Getting Started with RAPIDS and Kubernetes#

Added in version 4.0.

This guide will run through how to set up the RAPIDS Accelerator for Apache Spark in a Kubernetes cluster. At the end of this guide, the reader will be able to run a sample Apache Spark application that runs on NVIDIA GPUs in a Kubernetes cluster.

This is a quick start guide which uses default settings which may be different from your cluster.

Kubernetes requires a Docker image to run Spark. Generally everything needed is in the Docker image - Spark, the RAPIDS Accelerator for Spark jar, and the discovery script.

You can find other supported base CUDA images for from CUDA dockerhub. Its source Dockerfile is inside GitLab repository which can be used to build the docker images from OS base image from scratch.

Prerequisites#

Ubuntu 22.04

Spark 3.4.0

Upstream Kubernetes Version 1.25

Docker is installed on a client machine

A Docker repository which is accessible by the Kubernetes cluster

RAPIDS Accelerator

Refer to the Appendix for access

NGC API Key

Refer to Generating Your NGC API Key

This guide leverages the Cloud Native Stack (CNS) GitHub install-guides to build the Kubernetes cluster. To install without CNS, leverage instructions to Install Kubernetes for creating a Kubernetes cluster with NVIDIA GPU support.

Docker Image Preparation#

From your client machine with Docker installed, download the following packages and scripts as shown below. Verison 3.4 will be used Apache Spark. Please note that only Scala version 2.12 is currently supported by the accelerator.

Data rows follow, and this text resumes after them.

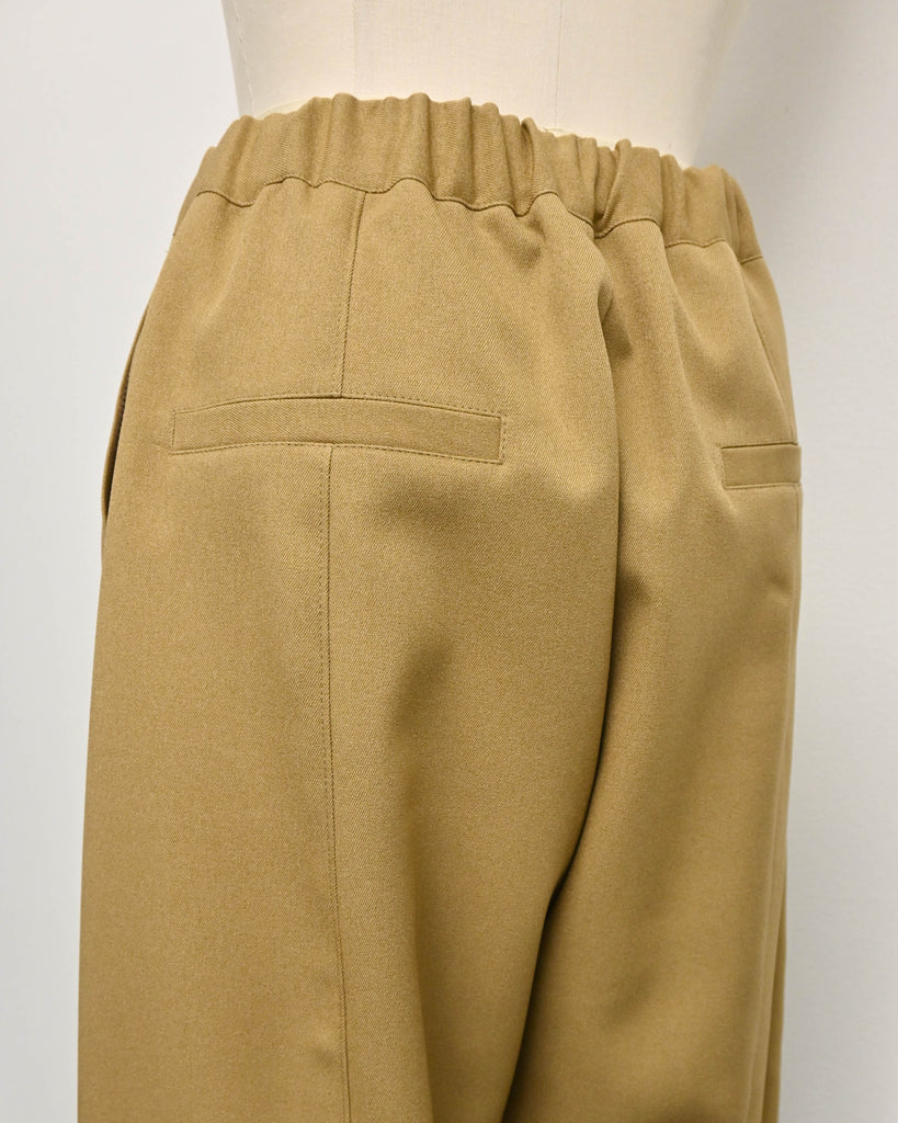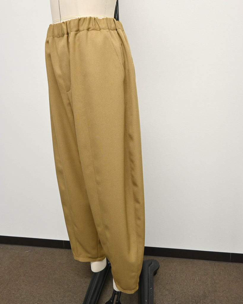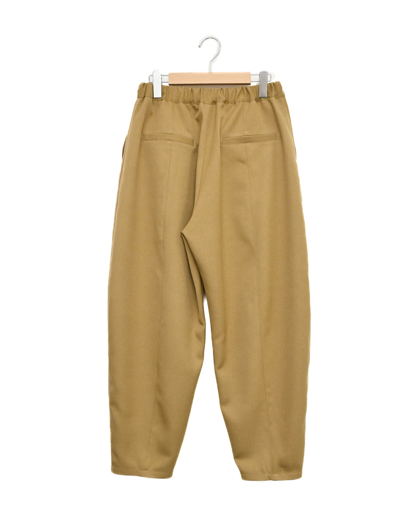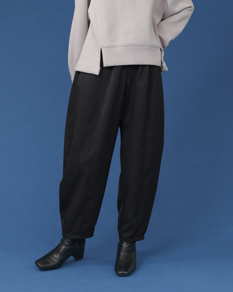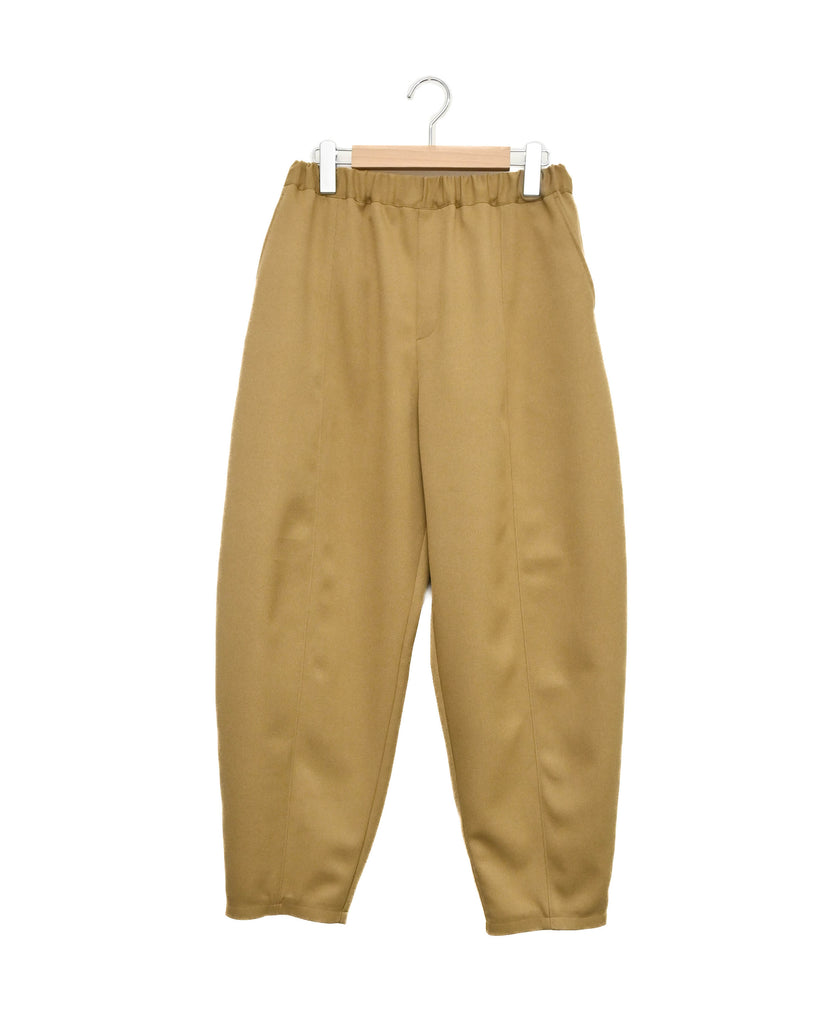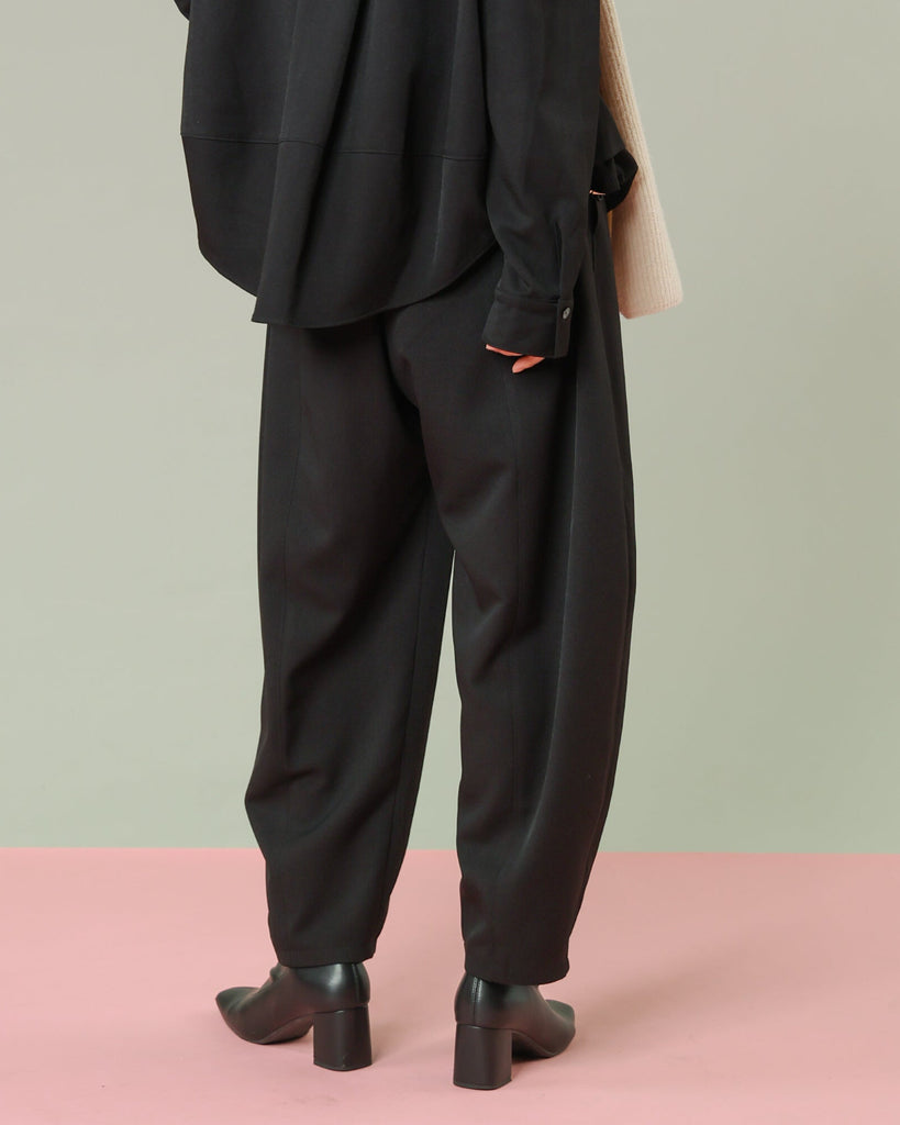 軽く着心地のよいウールライク素材。シワになりにくく気軽に洗えるイージーケアが嬉しいポイント。ほどよい張り感が立体的なシルエットを生み、丸みのあるバレルラインが大人の抜け感を演出。カジュアルにもきれいめにも合わせやすく、季節のスタイリングに取り入れやすい万能アイテムです。
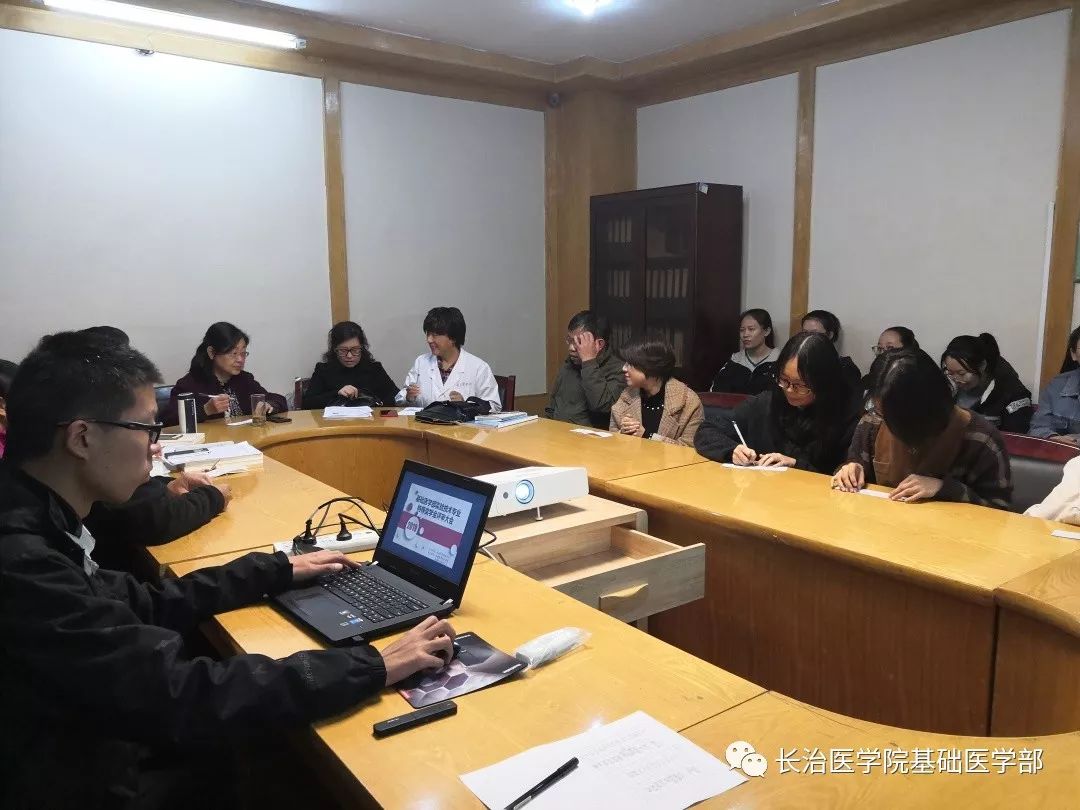 基础医学部党总支书记梁建君、基础医学部主任张翠英教授、基础医学部党总支副书记李萍、基础医学部副主任张雄鹰教授、生化教研室主任裴晋红、形态党支部书记李建斌、生理办公党支部书记李淑芬、分团委书记兼辅导员李明老师以及员工会、17级、18级员工代表担任本次评委,部分同学观摩大会。
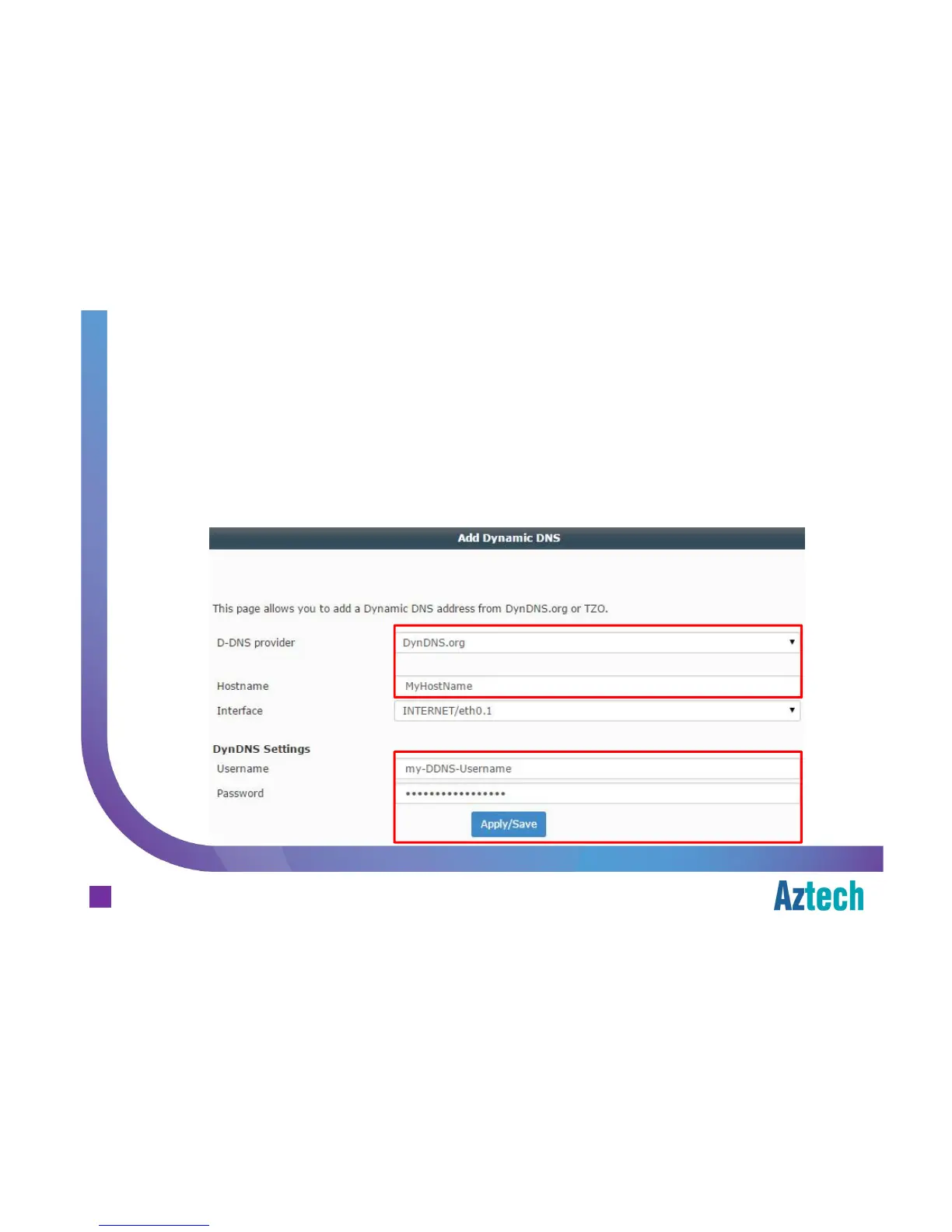 Step 6. Fill in the Hostname field with the registered hostname to the DDNS provider.
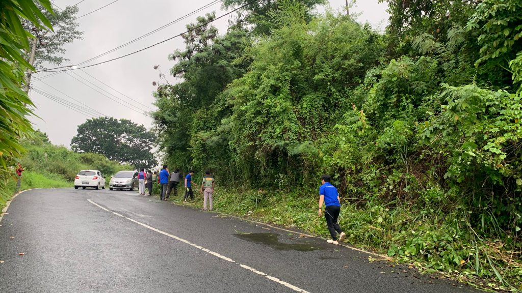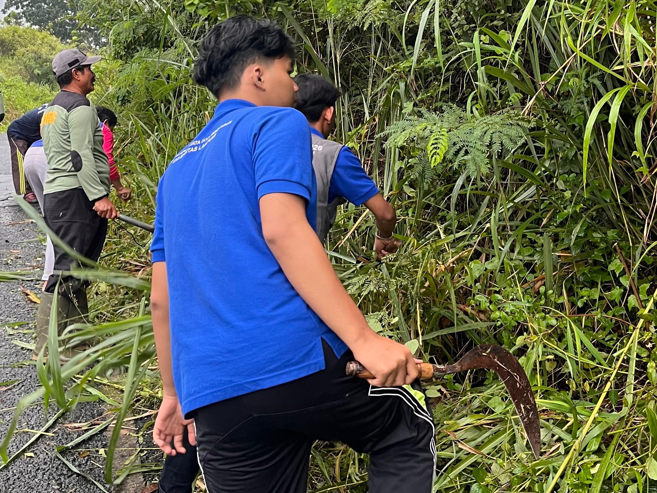 Sejak pagi hari, peserta kegiatan berkumpul di lokasi dan langsung melakukan pembersihan secara gotong royong. Area yang menjadi sasaran utama adalah sisi jalan dan lereng yang tertutup tanaman liar sehingga mengurangi kenyamanan dan jarak pandang pengguna jalan. Pembersihan dilakukan menggunakan peralatan sederhana seperti sabit dan parang, dengan membagi tugas secara alami sesuai kondisi di lapangan.
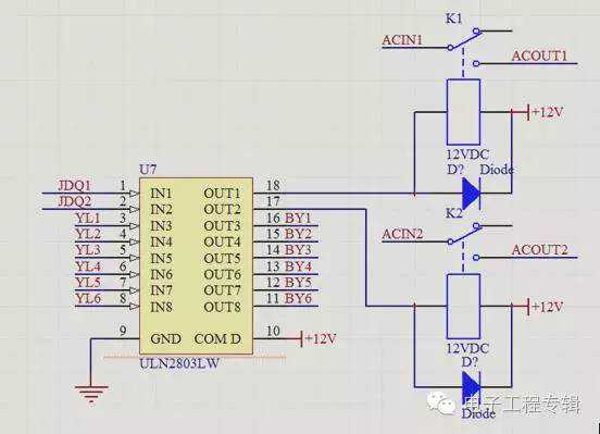 2、ULN2803(用来驱动直流电机,ULN2803可提供8路输出,每路能提供500mA电流)
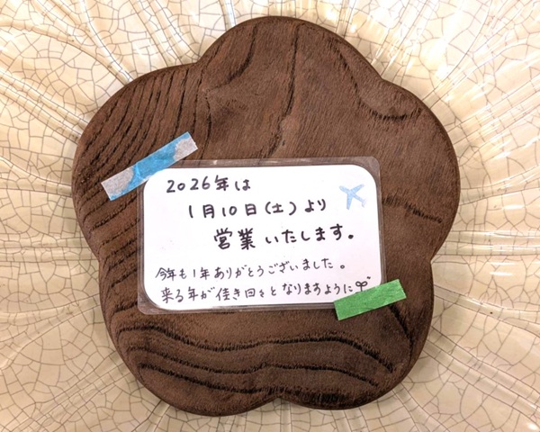 来週1月3日(土)は、年始のお休みをいただきます。
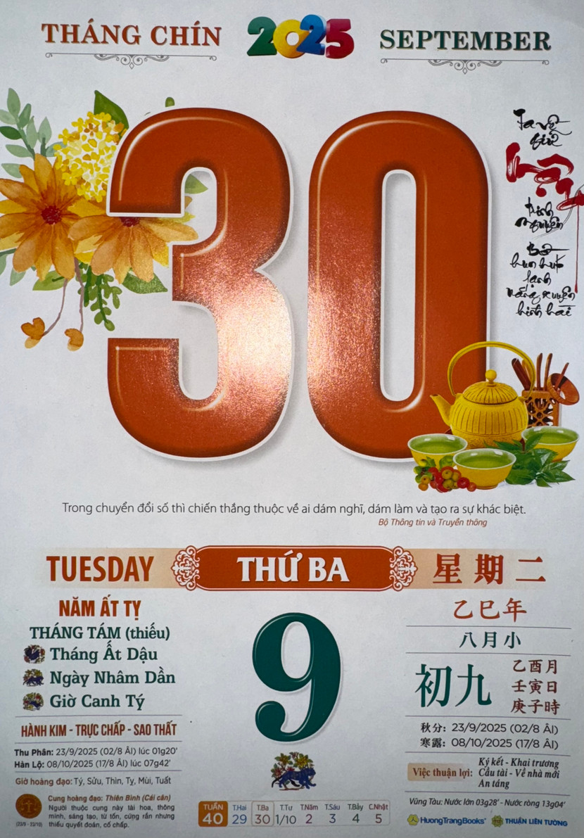 Thứ 3 ngày 30 tháng 9 năm 2025
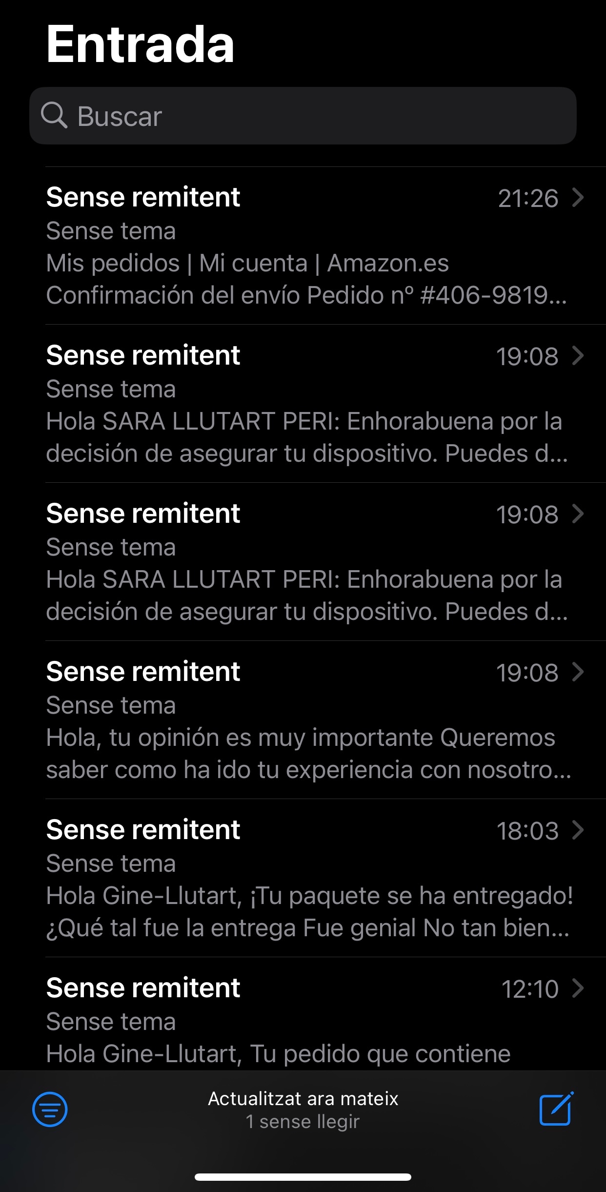 He reinstalado MAIL pues se cerraba automàticamente y así me lo recomendava el tutorial . Ahora no aparece el nombre de los remitentes al abrir la app hasta que no abro el correo
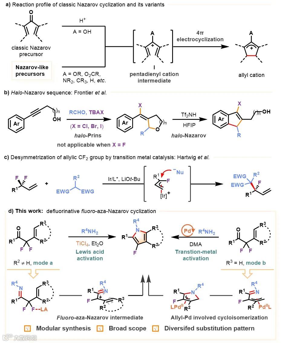 实现多氟基团的选择性单个碳氟键官能化在合成上具有重要意义,可以在避免氟化试剂的使用的同时从容易获取的原料快速完成多样化含氟结构的构筑。然而,由于多氟基团中碳氟键的键能会随着氟原子数目的减少而降低,控制反应停留在选择性单个碳氟键官能化仍然是现代有机化学中尚未得到很好解决的一个挑战,现有报道的方法一般也局限于特定类型的底物。例如,借助铱催化,Hartwig课题组报道了烯丙位偕二氟基团的单个碳氟键活化,实现了含氟季碳中心的对映选择性构筑(图1c)。此外,强Lewis酸介导的氟离子攫取也是碳氟键活化的一种常用策略。南京工业大学冯超教授课题组长期致力于有机氟化学领域的研究,取得了一系列显著成果(J. Am. Chem. Soc. 2017, 139, 1762;J. Am. Chem. Soc. 2016, 138, 15869;Angew. Chem. Int. Ed. 2021, 60, 20237;Angew. Chem. Int. Ed. 2019, 58, 3918;Chem. Sci. 2022, 13, 2686;Chem. Sci. 2019, 10, 8701;Chem. Sci. 2019, 10, 6721;Chem. Sci. 2019, 10, 1144)。最近,该课题组开发了一种基于偕二氟基团单个碳氟键断裂引发的氮杂Nazarov环化,成功实现了首例氟代Nazarov环化反应。该反应可以在Lewis促进或钯催化的条件下发生,高效实现多种取代类型,包括全取代β-氟代吡咯结构的构筑(图1d)。
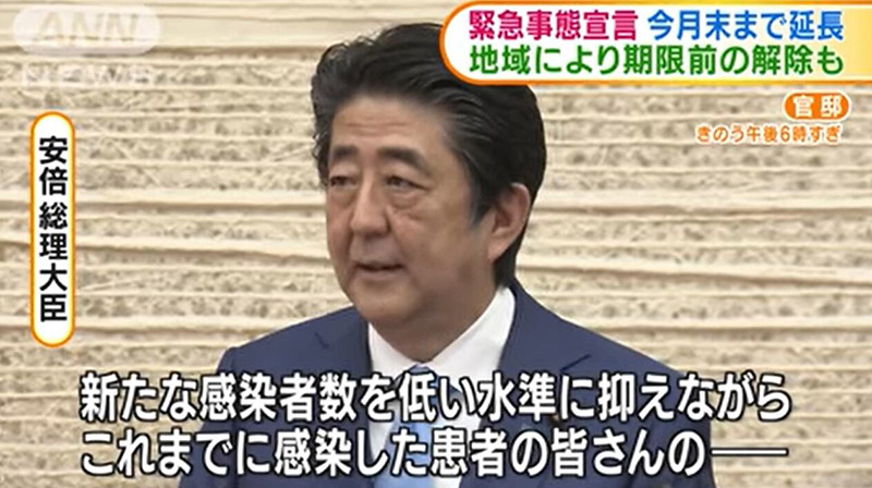 5月4日,日本首相安倍晉三宣布延長“緊急事態宣言”至月底(電視報道截圖)
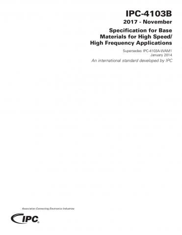 IPC-4103B standard covers the requirements for clad and unclad plastic laminate and bonding layer materials to be used for the fabrication of printed boards for microstrip, stripline and high speed digital electrical and electronic circuits. In addition to better definitions of inclusions and how to properly classify them; redefine "substrates" as, "fabricated sheets"; and a more proper definition of thermal conductivity of laminates and bonding material, IPC-4103B also allows the use of low permittivity (dielectric constant) glass reinforcements for laminates and bonding materials, thus improving both the permittivity and loss tangent properties of the materials conforming to this specification.

Below are bash commands to install a local copy of Apache Spark and configure the docker image:

mkdir -p ~/spark-rapids/spark
wget https://archive.apache.org/dist/spark/spark-3.4.0/spark-3.4.0-bin-hadoop3.tgz
tar -zxvf spark-3.4.0-bin-hadoop3.tgz -C ./spark-rapids/spark --strip-components 1

1cd ~/spark-rapids

Copy the .jar into the current working directory. Refer to the Access the NVIDIA AI Enterprise RAPIDs Accelerator section to pull the .jar file.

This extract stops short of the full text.